This study was designed to compare the interactions of IL-2 and IL-15 with the IL-2Rβ and IL-2Rγc subunits, as differences in receptor interactions between IL-2 and IL-15 might contribute to the functional differences between these two cytokines. The results suggest the existence of a human IL-15Rα subunit, although physical evidence of this molecule was not obtained. Proliferation of anti-CD3 (OKT3)-stimulated human PBL was compared for responsiveness to IL-2, IL-15, and F42K, an IL-2 mutant that does not bind the IL-2Rα chain.
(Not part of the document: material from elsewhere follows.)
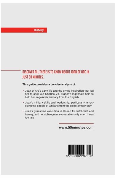 Keen to learn but short on time? Get to grips with the life of Joan of Arc in next to no time with this concise guide. 50Minutes.com provides a clear and engaging analysis of Joan of Arc. As the Hundred Years¿ War raged on, and the possibility of the French reclaiming their territory from the English occupation seemed ever slimmer, one unlikely young woman would set out on a divine mission to restore the French monarchy and free the population from tyranny. However, Joan of Arc¿s military skill and courage would not go unpunished, and she was brutally burned at the stake for witchcraft after being captured by the English. She is now revered as a saint in the Roman Catholic Church. In just 50 minutes you will: ¿ Learn about Joan of Arc¿s early life and the divine inspiration that led her to seek out Charles VII, France¿s legitimate heir, to help him regain his territory from the English ¿ Explore Joan¿s military skills and leadership, particularly in rescuing the people of Orléans from the siege of their town ¿ Discover Joan¿s gruesome execution in Rouen for witchcraft and heresy, and her subsequent exoneration only when it was too late ABOUT 50MINUTES.COM History & Culture 50MINUTES.COM will enable you to quickly understand the main events, people, conflicts and discoveries from world history that have shaped the world we live in today. Our publications present the key information on a wide variety of topics in a quick and accessible way that is guaranteed to save you time on your journey of discovery.

F42K was more potent than IL-15 in activating a dose-dependent response. This fact, along with Scatchard binding analyses of IL-15 on OKT3 blasts and YT cells revealing both high and intermediate affinity receptors, supports the existence of IL-15Rα on these cells. Additional characterization of the IL-15R utilized covalent cross-linking to affinity label IL-2R and IL-15R on YT cells and OKT3 blasts. Consistent with previously reported functional data, IL-2Rα was not co-precipitated from the [125I]IL-15 receptor-ligand complex, demonstrating that IL-15 does not interact physically with the IL-2Rα subunit. While IL-2Rα did co-precipitate with IL-2Rβ and IL-2Rγc in the presence of IL-2, IL-15Rα did not co-precipitate with the IL-2Rβ/γc complex. Finally, YT cells equilibrated with IL-2 and then precipitated through IL-2Rβ showed that IL-2Rβ and IL-2Rγc co-precipitate in a 1:1 ratio, while only IL-2Rβ was found in the immunoprecipitates of YT cells equilibrated with IL-15. This indicates that IL-15 creates a less stable bridge between the IL-2Rβ and IL-2Rγc chains than does IL-2 on YT cells. This result was identical for both surface-iodinated YT cells and immunoprecipitates that were probed for IL-2Rβ and IL-2Rγc on Western blots.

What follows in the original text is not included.